Friday, March 25, 2011

What is Information Literacy?

Information literacy emerged as focused area in libraries and information management in recent years . The phrase has developed various meanings over the past couple of decades, However, ACRL Information Literacy Competency Standards, defined information literacy:
Information literacy is a set of abilities requiring individuals to "recognize when information is needed and have the ability to locate, evaluate, and use effectively the needed information."1

 the standards are both broad and deep and list the the basic standards as following:

    1. The information literate student determines the nature and extent of the information needed.
    2. The information literate student accesses needed information effectively and efficiently.
    3. The information literate student evaluates information and its sources critically and incorporates selected information into his or her knowledge base and value system.
    4. The information literate student, individually or as a member of a group, uses information effectively to accomplish a specific purpose.
    5. The information literate student understands many of the economic, legal, and social issues surrounding the use of information and accesses and uses information ethically and legally.
 He argued:

Standards 1 and 2 are, in my opinion, the ones that librarians would typically have the most direct effect on, though often in relatively limited circumstances. Many of us in academic libraries routinely teach students how to find the kind of information they need for research, and give them suggestions on how to evaluate it which they may or may not apply.
I'm not sure who besides the student could be responsible for Standard 3, and I have no idea how that would be assessed in any broad way. What's clear from the research I've read about is that most people have trouble incorporating new information into their knowledge base and value system, especially if it conflicts with values they already hold.
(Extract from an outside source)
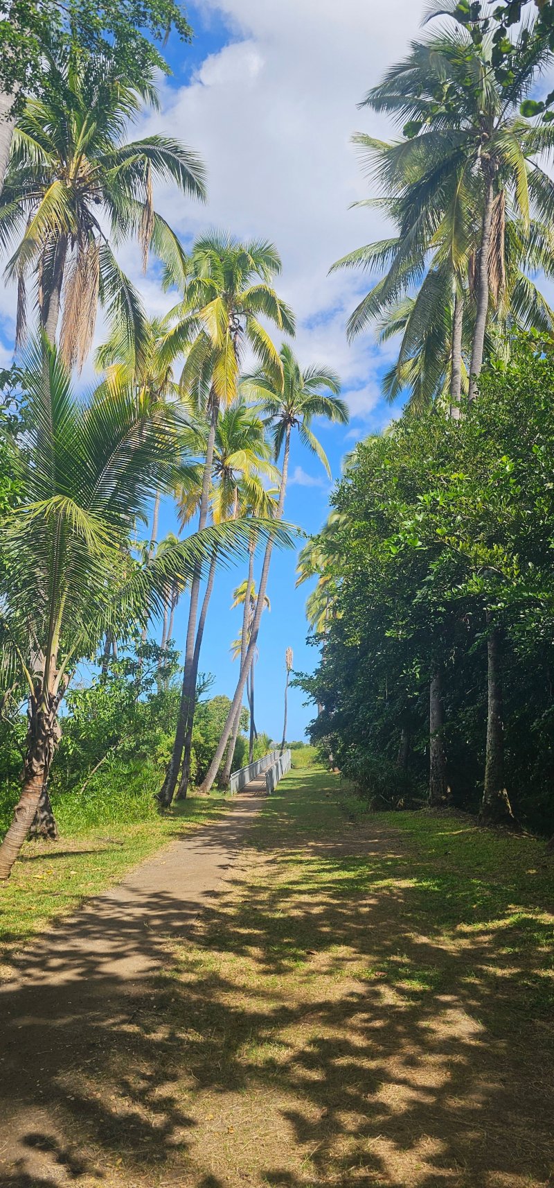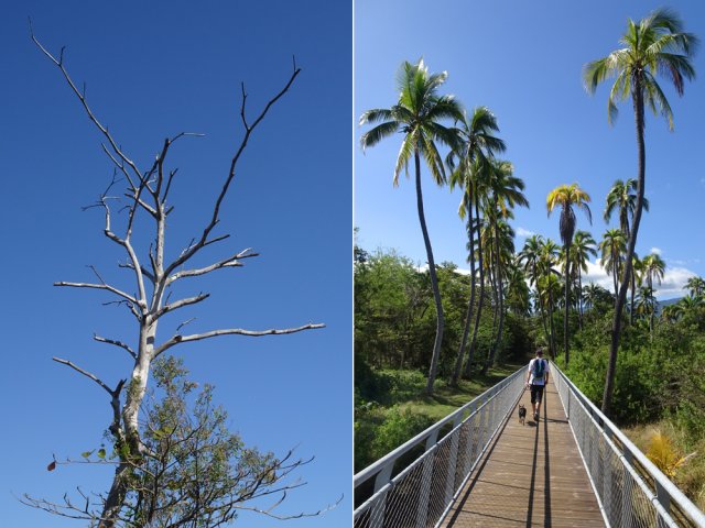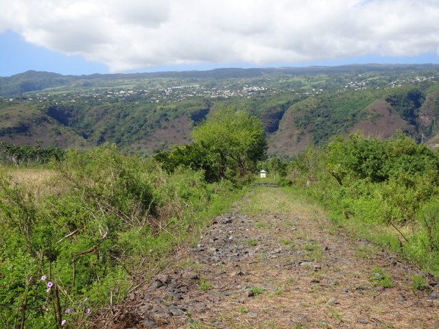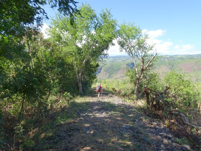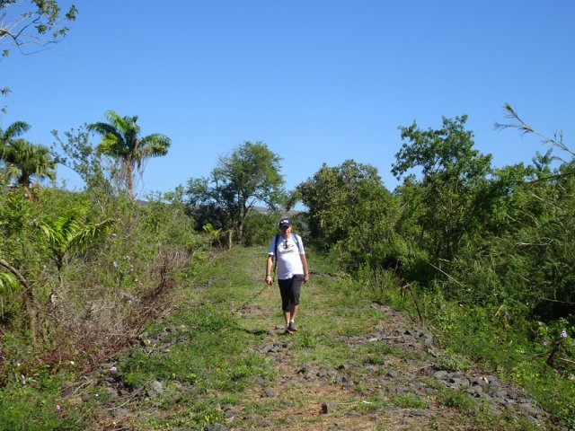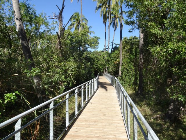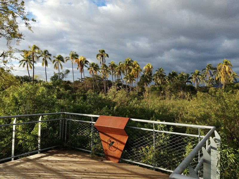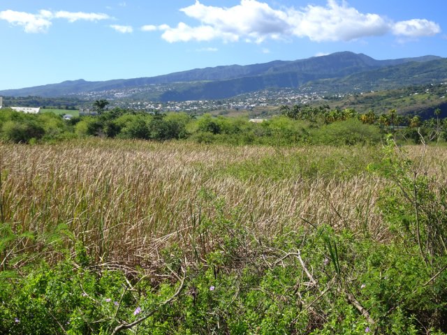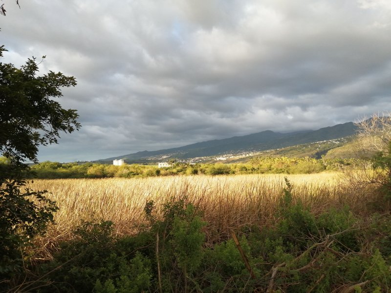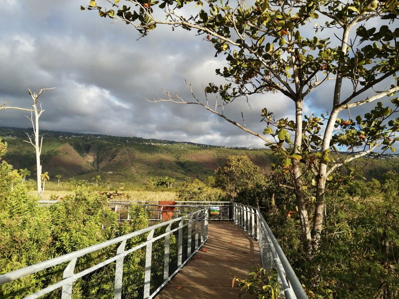La randonnée débute près d'une zone grillagée au coin du boulodrome. Le panneau de la réserve a presque disparu dans la végétation. Passer entre le grillage et le fossé encombré de détritus provenant sans doute des fêtes organisées lors des tournois de pétanque puis franchir par un gué très sommaire fait d'une demi-palette (Photo 1). S'il y a trop d'eau ou trop de détritus, préférer un départ du parking situé à la fin de la Rue Jules Thirel. Partir à droite sur le sentier qui longe au plus près ce fossé qui se transforme plus loin en ravine dans laquelle viennent boire les bovins (Photo 2). Si, de loin, l'aspect est agréable, il n'est pas très intéressant de s'en approcher de trop près (Photo 3). La prairie toute proche abrite souvent les troupeaux qu'on peut également côtoyer dans les zones marécageuses de l'étang (Photo 4). De l'autre côté, on a de belles vues sur les falaises proches de Macabit et du Ruisseau (Photo 5). Le sentier se termine sur la longue digue qui isole les installations des possibles inondations. La piste caillouteuse menant à l’Étang Saint-Paul peut encore se parcourir mais les plantes, souvent piquantes, ont envahi le passage. Partir donc à gauche et entamer une longue ligne droite sur des milliers de cailloux instables constituant la digue (Photo 6). On peut cette fois profiter des mêmes paysages sans aucune végétation pour masquer (Photo 7). Des zones marécageuses recouvertes de roseaux bordent la piste de chaque côté (Photo 8). Certains petits sentiers, souvent créés par les bovins qui viennent paître ici, traversent des friches en bordure d'étang. Plus loin, la digue oblique presque à angle droit en direction du Tour des Roches, toujours sur les cailloux où les invasives tentent leur chance entre deux défrichages (Photo 9). Plus on s'approche du stade, plus les pistes et sentiers sont fréquentés. On y repère donc plus de signalisations que le long du parcours déjà fait (Photo 10). Repérer sur la droite la belle allée fermée par une grille qui se dirige vers la zone d'aquaculture (Photo 11). Suivre les flèches situées près du portail et laisser quelques habitations sur la droite. Poursuivre sur la piste bordée de cocotiers en direction du stade qu'on aperçoit dans les trouées. On arrive rapidement au départ de la longue passerelle aménagée au-dessus des zones marécageuses. Elle recouvre le sentier longeant quelques canaux et arbres morts. Laisser la piste et entamer la boucle métallique sur plancher de bois (Photo 12). L'ouvrage, très récent, est de bonne facture et justifie à lui seul une balade avec enfants qui seront protégés de la chute par les grillages (Photo 13). Elle est parfois rectiligne ou sinueuse entre les futaies d'une végétation assez banale procurant un peu d'ombre (Photo 14). Des points d'observation ont été aménagés le long de la barrière ou dans des chicanes. Elles incitent par un symbole à s'intéresser aux oiseaux, plantes ou poissons (Photo 15). Plus loin, elle tourne à angle droit pour épouser la forme de l'ancien sentier qu'on devine encore (Photo 16). On retrouve aussi les arbres morts et hauts cocotiers qui bordaient le sentier (Photo 17). Le large passage s'effectue totalement à plat et convient très bien à un fauteuil roulant (Photo 18). L'arbre mort recouvert de cactées est toujours là même si l'on devine une fin imminente (Photo 19). Au dernier virage, la passerelle passe près de bassins envahis de tilapias peu farouches, heureux de savoir que la pêche est ici interdite (Photo 20). Suivre les derniers 50 mètres en pente douce vers la piste quittée 15 minutes avant (Photo 21). On retrouve la large piste bordée de cocotiers en direction de l'aire de pique-nique de la zone. Le canal est plus propre que le précédent ; il est bordé de taros et les tilapias, plus craintifs, s'enfuient à toute vitesse au passage des randonneurs. La piste finit à l'aire de repos et aux tables disséminées sous le couvert des arbres (Photo 22). Avant de poursuivre dans la réserve, traverser la route et repérer la Maison de la Réserve pour une visite durant les heures d'ouverture (Photo 23). En face, un bâtiment abandonné aux ouvertures obturées ne résistera guère à l'urbanisation s'il n'est pas classé aux Monuments Historiques (Photo 24). L'usine sucrière, construite par la famille Lemarchand a produit du sucre jusqu'en 1985 puis a fermé ses portes en 1992. Une grande partie a été transformée en bureaux que l'on peut voir tout près de ce bâtiment. Rejoindre le parking, le traverser puis l'aire de repos en frôlant un vestige de l'usine constitué de grandes roues dentées rouillées. Partir sur la droite, quitter la pelouse et entamer la fin de la boucle sur le sentier qui débute sous les arbres (Photo 25). La progression s'effectue tout d'abord sous quelques arbustes et épineux sur un large sentier très visible (Photo 26). Plus loin, il traverse la prairie humide. Il est moins évident à suivre s'il n'a pas été entretenu mais il ne faut pas craindre le hors sentier si l'on s'écarte des herbes tassées par les semelles (Photo 27). En arrivant à la piste, ne pas hésiter à partir sur la gauche pour une centaine de mètres et se diriger vers l'étang. Les multiples traces de sabots indiquent qu'on ne pourra pas s'embourber. On peut ainsi se rapprocher au plus près de l'eau et des hectares de roseaux (Photo 28). Faire demi-tour et poursuivre vers le gué, le grillage et le boulodrome sur un sentier de bonne qualité dans les épineux.

But a rigorous liberal education should help people get past that barrier. Regardless, Standard 3 is really quite expansive, and unless they're actually teaching an information literacy class (or a writing class, where I've worked on this with students), librarians typically aren't working with students to evaluate information in any depth or look at sources critically. This requires that both the librarian and the student have read the work.  I could be mistaken, though. How many librarians out there discuss any books or articles in depth with students and help them evaluate them critically? Pointing out how to tell primary from secondary sources or scholarly from popular articles is one thing, or doing a quick website evaluation to show that some website is biased or unauthoritative, but those are relatively superficial compared to reading and discussing works with students, and it's the reading and discussion that teaches students how to evaluate well and signals whether something has been comprehended, much less evaluated. I'll grant it can happen, and just last week I helped a student working on an essay by discussing the course reading with him and helping him generate ideas, but that's unusual.
Standard 4 is also goes beyond the level of student involvement that most librarians have. Accomplishing a specific purpose can be interpreted many ways, but the specific purpose of most students I see is writing a research essay of some kind. I help them find sources, discuss the different kinds of sources their are and what they could do for an essay, but I don't work with them in the way that instructors would, and I'm usually not in a position to know if they've accomplished their task well. When I teach writing, I do work with students to help them write research essays, which often involves seeing how students use their sources in their writing and teaching them how to use the sources more appropriately. That's work I could do as a librarian, but it's not work I normally do. Librarians who teach courses that have research components have that sort of direct role, but other than that how many do? In addition, the Standard implies that this can be done repeatedly, for any project. Given the relatively limited time most librarians have directly with students, how much would our direct teaching enable students to reach that point without significantly more guidance than we typically give?
Standard 5 is a complete washout, because no one but librarians and publishers seems to care much how information is acquired as long as it's easily acquired. I've written before arguing that the legal and economic barriers to scholarly information are incompatible with scholarly values. For example, if scholars want access to articles their library can't get for some reason, they'll go through informal and technically illegal channels to get those articles. Standard 5 says the information literate person uses information ethically and legally, but I think there are cases where scholarly ethics and copyright law conflict. The very willingness of otherwise ethical scholars to defy certain copyright laws supports my point. Though I wouldn't advocate piracy of copyrighted information to anyone, this standard contains more than just "literacy." It's an ethical injunction as much as anything, and for the other standards to be met, sometimes it might be necessary to acquire something illegally. Finding information and incorporating it into your worldview to accomplish a task isn't the same as using the information legally.

Notes

  1.    American Library Association. Presidential Committee on Information Literacy. Final Report.(Chicago: American Library Association, 1989.)